Well that was damn annoying. I had assumed that during the outage there were no bounced emails, there was no reason for them to bounce. Unfortunately it seems there was a screw up in in the backup MX server (emx1), that did cause some emails to bounce.
On emx1 (the backup mx server) the DNS configuration was wrong. /etc/resolve.conf had been set with the internal DNS server as the primary one, but with an external DNS server as the secondary. That's clearly bogus when the resolver is used to resolve internal domain names.
On top of that, it turns out in postfix that if a DNS lookup for an *lmtp* delivery host fails, then it's treated as a permanent error and the email is bounced. From what I can see, there's actually no configuration setting to change this in postfix, which is annoying.
Anyway, we've now completely revamped the internal DNS setup. There's now dual slave servers at the main NYI site. This is something we used to have, and we had planned to have again, but hadn't actually finished with the switch over to slaving our DNS from Opera's servers internally. We've setup resolv.conf configs to fail back if one internal DNS is down. emx1 also has it's own slave server, will a fallback to the NYI one via the VPN if for some reason it's local one is down. The external DNS servers have been removed from the resolv.conf so it'll never query those directly.
We really should remember Murphys Law. Things will fail at the worst possible time and in the worst possible way. It's about the only kernel crash we've had in the last 6 months, and of course it would happen on the primary DB server, at the time we had the not-yet-redundant DNS server on there as well... *sigh*
Normally I'd go and work out who was affected by the bounce. Unfortunately the logs kept on emx1 are much smaller than at the main site, so we've actually already rotated the ones from when the event occurred, so we can't actually work out exactly which emails bounced
. Grrr. The good news is that emx1 will only be around another 2-3 months, and the replacement will be much more interesting and useful.

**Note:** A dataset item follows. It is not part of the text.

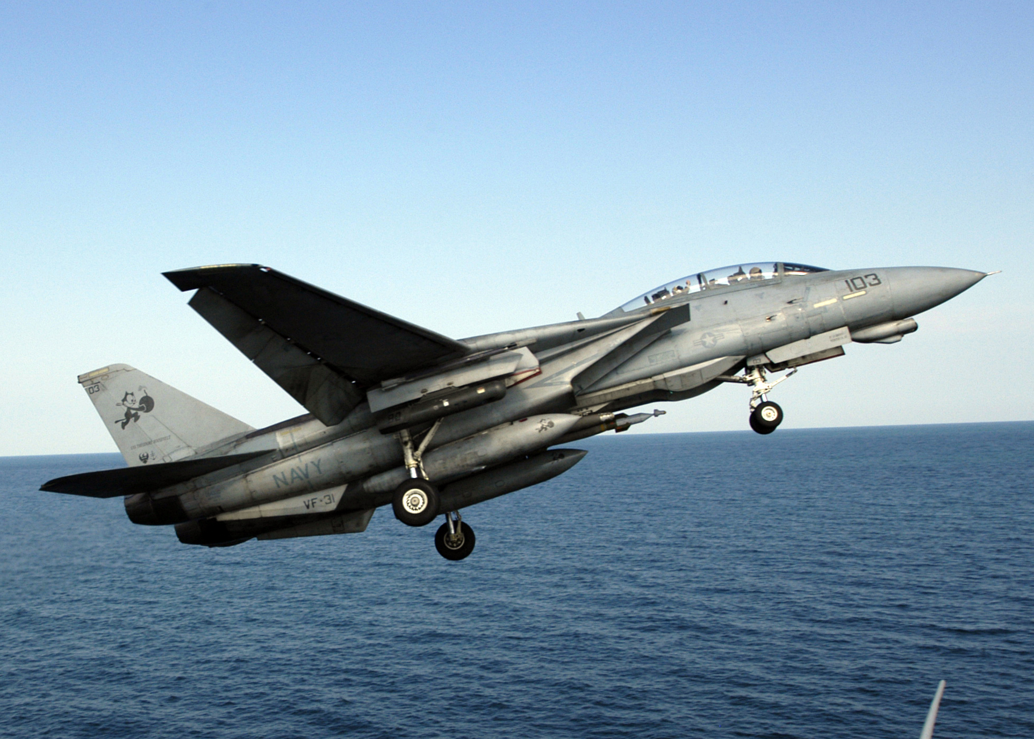 Persian Gulf (Jan. 3, 2006) - An F-14 Tomcat assigned to the “Tomcatters” of Fighter Squadron 31 (VF-31) launches from the Nimitz-class aircraft carrier USS Theodore Roosevelt (CVN 71). Roosevelt and her embarked Carrier Air Wing Eight (CVW-8) are underway during a regularly scheduled deployment, providing close-air support to coalition troops in contact with anti-Iraqi forces, and maritime security operations. U.S. Navy photo by Photographer's Mate 3rd Class Eben Boothby (RELEASED)

Ooooo, actually, I can tell how many emails bounced, because to send out the bounce emails, emx1 would have forwarded them back into our outgoing server at NYI (and it does so via a static IP default transport, so unaffected by the DNS error). So I can see in the main outgoing server log emails where from=MAILER-DAEMON@messagingengine.com, and source=emx1.messagingengine.com. That will tell me how many emails bounced, and where they were bounced to, but it unfortunately won't tell me who the emails were originally sent to, that's been lost because it's not in any of the SMTP information that's logged. I can fix that for the future as well, by logging the Original-Recipient header in the logs. That won't help for the past, but will help if we need to track down who bounce emails were for in the future if for some reason we only have the bounce email log information.
Back to the data, after checking the logs, 354 bounced emails. Damn. Any bounced emails are bad, bad, bad.
All up summary:
1. We were in the process of making internal DNS server changes. We'd started but not finished it fully. We got caught with a kernel crash on a machine that had the new DNS service but it hadn't been replicated yet. Our fault, we shouldn't have left things half done.
2. The DNS failure caused a mis-configuration on emx1 that had never been noticed before to be triggered. That caused some email to bounce. That configuration has been updated so it doesn't happen again.